┌─ Information shown

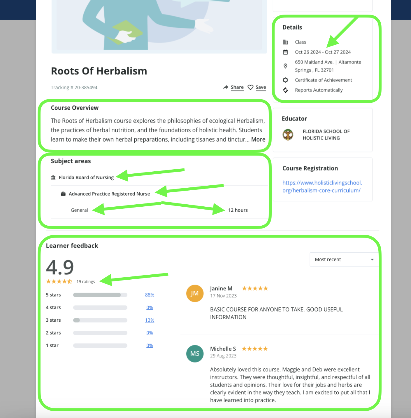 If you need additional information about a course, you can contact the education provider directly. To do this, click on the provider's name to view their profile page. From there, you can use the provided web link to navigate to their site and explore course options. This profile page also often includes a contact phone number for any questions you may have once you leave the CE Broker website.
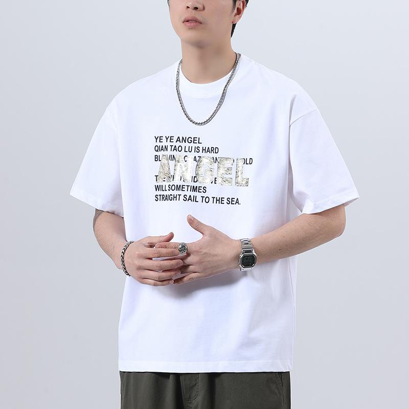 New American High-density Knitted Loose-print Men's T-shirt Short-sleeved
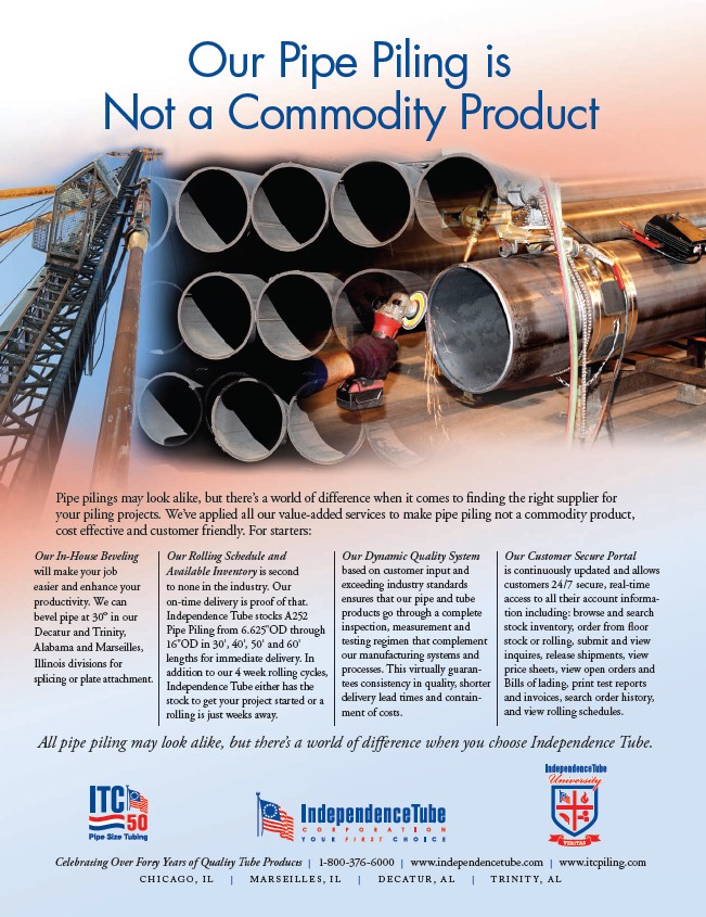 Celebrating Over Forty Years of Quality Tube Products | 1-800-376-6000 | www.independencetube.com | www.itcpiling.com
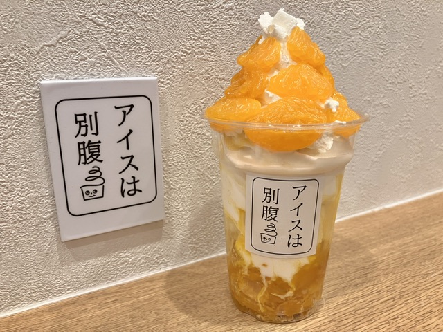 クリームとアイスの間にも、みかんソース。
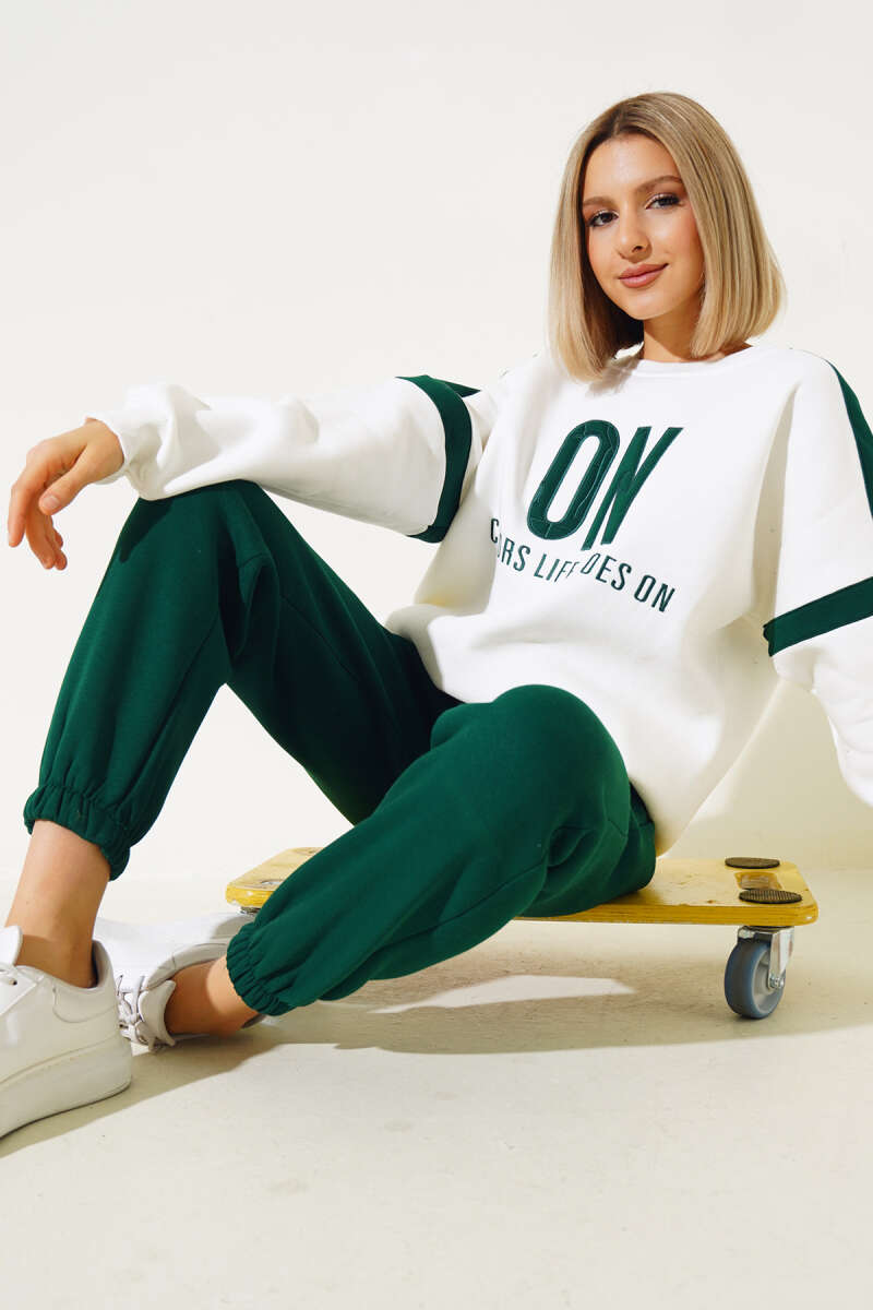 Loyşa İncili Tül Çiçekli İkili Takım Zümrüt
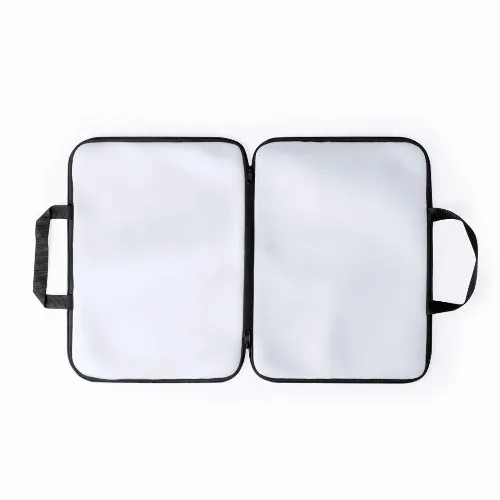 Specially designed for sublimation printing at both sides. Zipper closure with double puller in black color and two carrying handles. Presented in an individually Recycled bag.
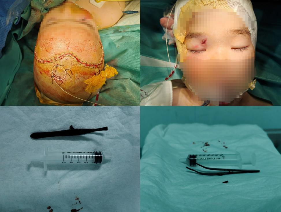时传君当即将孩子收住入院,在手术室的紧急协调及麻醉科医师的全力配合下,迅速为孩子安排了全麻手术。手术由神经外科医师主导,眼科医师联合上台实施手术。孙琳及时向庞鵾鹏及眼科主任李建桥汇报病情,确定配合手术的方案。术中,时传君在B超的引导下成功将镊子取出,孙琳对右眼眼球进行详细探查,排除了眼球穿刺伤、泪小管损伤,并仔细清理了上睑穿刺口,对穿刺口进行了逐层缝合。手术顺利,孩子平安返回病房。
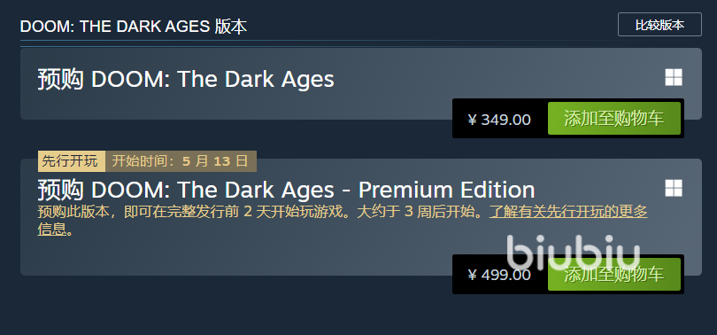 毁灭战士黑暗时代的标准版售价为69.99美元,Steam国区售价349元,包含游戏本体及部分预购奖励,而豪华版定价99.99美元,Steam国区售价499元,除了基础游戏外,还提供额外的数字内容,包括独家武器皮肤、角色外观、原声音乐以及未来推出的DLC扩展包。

└─

▸ What is being asked
Return nothing but the lines running from the start of the data to the line with "Loyşa İncili Tül Çiçekli İkili Takım Zümrüt", please, both ends included and no pictures.

▸ Output of the task
 If you need additional information about a course, you can contact the education provider directly. To do this, click on the provider's name to view their profile page. From there, you can use the provided web link to navigate to their site and explore course options. This profile page also often includes a contact phone number for any questions you may have once you leave the CE Broker website.
 New American High-density Knitted Loose-print Men's T-shirt Short-sleeved
 Celebrating Over Forty Years of Quality Tube Products | 1-800-376-6000 | www.independencetube.com | www.itcpiling.com
 クリームとアイスの間にも、みかんソース。
 Loyşa İncili Tül Çiçekli İkili Takım Zümrüt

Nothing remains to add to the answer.